Noah Smithwick quote:

    "So, the government provided for their protection as best it could with the means at its disposal, graciously permitting the citizens to protect themselves by organizing…ranging companies. WPW

Smithwick's description of Tomlinson's Rangers 1823:

    "as we are altogether Depending upon hunting for our Subsistence at present it will be but a short time in all probability that what we have will be Expended. I therefore Dispatch two men to St. Antonio to endeavour to procure a supply from the Government Charging the Company with the amount to be deducted from their pay as there is ma[n]y of my men who is destitute of money at present [and] therefore would be unable to procure any [ammunition] from an individual at St. Antonio." CMR

John C. Caperton describes the equipment of early day:

    "Each man was armed with a rifle, a pistol, and a knife, and with a Mexican blanket tied behind his saddle, and a small wallet in which he carried his salt and his ammunition, and perhaps a little panoln [sic], or parched corn, spiced and sweetened, a great allayer of thirst, and tobacco, [with these] he was equipped for months; and the little body of men, unencumbered by baggage wagons or pack trains, moved as lightly over the prairie as the Indians did, and lived as they did, without tents, with a saddle for a pillow at night, blankets over them, and their feet to the fire. Depending wholly upon wild game for food, they of course sometimes found a scarcity of it, and suffered the privations which are known to all hunters. Sometimes there was a necessity of killing a horse for food, when all else failed. The men were splendid riders, and used the Mexican saddle, improved somewhat by the Americans, and carried the Mexican riata, made of rawhide, and the lariat, used to rope horses with." WPW

John S. Ford quote:

    "Rangers swam by the side of their horses, and guided them. No kind of weather precluded them from crossing rivers. They did so during "northers," and while snow and sleet were falling. The one idea ruled-make a rapid, noiseless march-strike the foe while he was not on the alert-punish him-crush him! With many there was a vengeful spirit to urge them on. Mothers, sisters, fathers, brothers, had been inhumanly butchered and scalped. Loved relatives had been captured, enslaved and outraged, and the memory of the cruel past rose up before the mind's eye, and goaded them into action. They fearlessly plunged into the thickest of the fight, and struck for vengeance. Braver men never pulled a trigger or wielded a blade." WPW

Rangers in colonial Texas formed posses to drive out or exterminate renegade Indian tribes. The Republic organized Ranger Companies to perform this duty but there were several bitter defeats when they first tried to pursue the tribes upon the plains, such as the Battle of Stone Houses. San Antonio and Colorado River Ranger victories expanded the Republic west where Captain Jack Hays led his men, including Big Foot Wallace, deep into Comancheria. East Texas Ranger Companies fought their way up the Trinity and the Brazos, expanding the Republic to the site of modern-day Fort Worth under the treaty of Bird's Fort.
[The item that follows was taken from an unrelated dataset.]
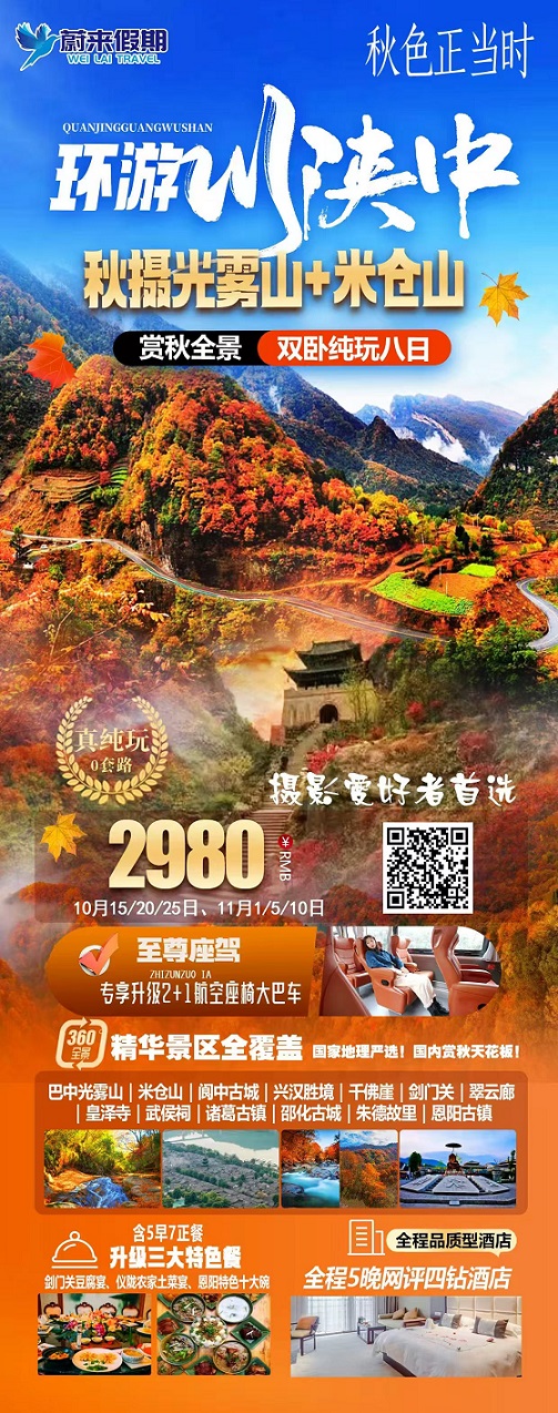 当前位置:首页 >> 国内长线 >> 10-11月【环游川陕双卧8日游:光雾山 西安 洋县 汉中 米仓山 千佛崖 剑门关 】2980元起

Following statehood, Ranger companies were called into service of the United States in it's war with Mexico,and there are many that credit the victory to the Rangers. The following are descriptions of the Rangers of that period:

Ben McCullogh
(Photo from the book, The Texas Rangers, by Walter Prescott Webb)

Samuel Reid first impressions of McCullogh's Ranger Company 1846:

    Here was a scene worthy of the pencil. Men in groups with long beards and moustaches, dressed in every variety of garment, with one exception, the slouched hat, the unmistakable uniform of a Texas Ranger, and a belt of pistols around their waists, were occupied drying their blankets, cleaning and fixing their guns, and some employed cooking at different fires, while others were grooming their horses. A rougher looking set we never saw. They were without tents, and a miserable shed afforded them the only shelter… Notwithstanding their ferocious and outlaw look, there were among them doctors and lawyers, and many a college graduate. CMR

U. S. Grant's observation of Texas Rangers:

    Since we have been in Matamoras [sic] a great many murders have been committed, and what is strange there seems to be but very weak means made use of to prevent frequent repetitions. Some of the volunteers and about all the Texans seem to think it perfectly right to impose upon the people of a conquered City to any extent, and even to murder them where the act can be covered by the dark. And how much they seem to enjoy acts of violence too! CMR

Samuel Reid's noted wryly:

    Our orders were most strict not to molest any unarmed Mexican, and if some of the most notorious of these villains were found shot, or hung up in the chaparral, during our visit to Reynoso [sic], the government was charitably found to suppose, that during some fit of remorse and desperation, tortured by conscience for the many evil deed they had committed, they had recklessly laid violent hands upon their own lives! "Quien sabe?" [Who knows?] CMR

Frederick Law Olmsted architect of Central Park in NY Observation of San Antonio Rangers, 1854:

    Men and officers were on terms of perfect equality, calling each other by their Christian or nick-names. Their time, when not in actual service, was spent in hunting, riding, and playing cards. The only duty was for four (out of seventy) to stand guard. Men were often absent, without leave, three or four days, without being reprimanded. They fought, when engaged, quite independently, the only order from the commander usually being-"All ready, boys? Go ahead." Their principal occupation has always been Indian fighting, but two or three regiments of them were employed, during the Mexican war, with great advantage, mainly as scouts, pioneers, and foragers. CMR

Fort Worth was built following the U. S. victory over Mexico. Soon 49er's were using Marcy's Trail to reach the California gold mines and new forts were built further west for their protection.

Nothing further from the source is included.